The 23-year-old rapper also questioned the amount of money spent on the May 9 commemoration.

“I honestly do not understand this celebration of victory, which took place 76 years ago,” Morgenstern said. “Every year we spend millions on it.”

The video of the interview was uploaded to YouTube on Monday and has since received more than 3 million views. His comments soon provoked a negative reaction, and an organization of Russian war veterans filed a complaint to the country’s Investigative Committee.

A group of veterans stated that Morgenstern’s remarks “offended the historical memory” of those who fought and died in World War II.
The committee said in a statement that they would investigate whether Morgenstern’s comments violated any Russian law.

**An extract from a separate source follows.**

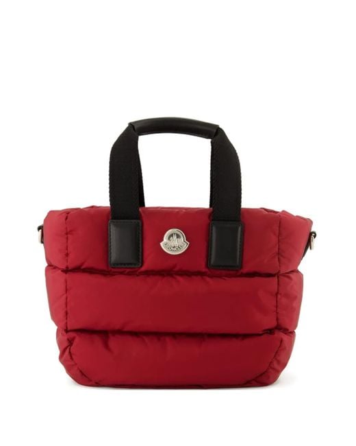 Red padded quilted design zip fastening top handles detachable shoulder strap leather trim Size: One Size. Gender: Female. Material:Nylon/Nylon/Leather. Colour: red

On May 9, military parades are held in major Russian cities in memory of the 20 million people who died during World War II.
After coming to power, President Vladimir Putin emphasized Russia’s role during the war and accused Western opponents of downplaying Russian history.

Speaking to reporters on Tuesday, Kremlin spokesman Dmitry Peskov said Morgenstern was probably speaking “not out of anger, but out of ignorance.”

But Peskov added that the rapper must take “moral responsibility” for his statements.

If the rapper is found guilty of public insult and “rehabilitation of Nazism”, he faces a maximum penalty of three years in prison.
In a statement on Instagram, Morgenstern apologized to Russian war veterans and said his comments were “taken out of context.”
“I respect and am proud of our veterans, but, unfortunately, I can’t remember my thoughts correctly,” the rapper said, accusing the media of “distorting” his words.

“I did not want to downplay the importance of this event,” he said, adding that he also said in an interview that Russian veterans needed more subsidies.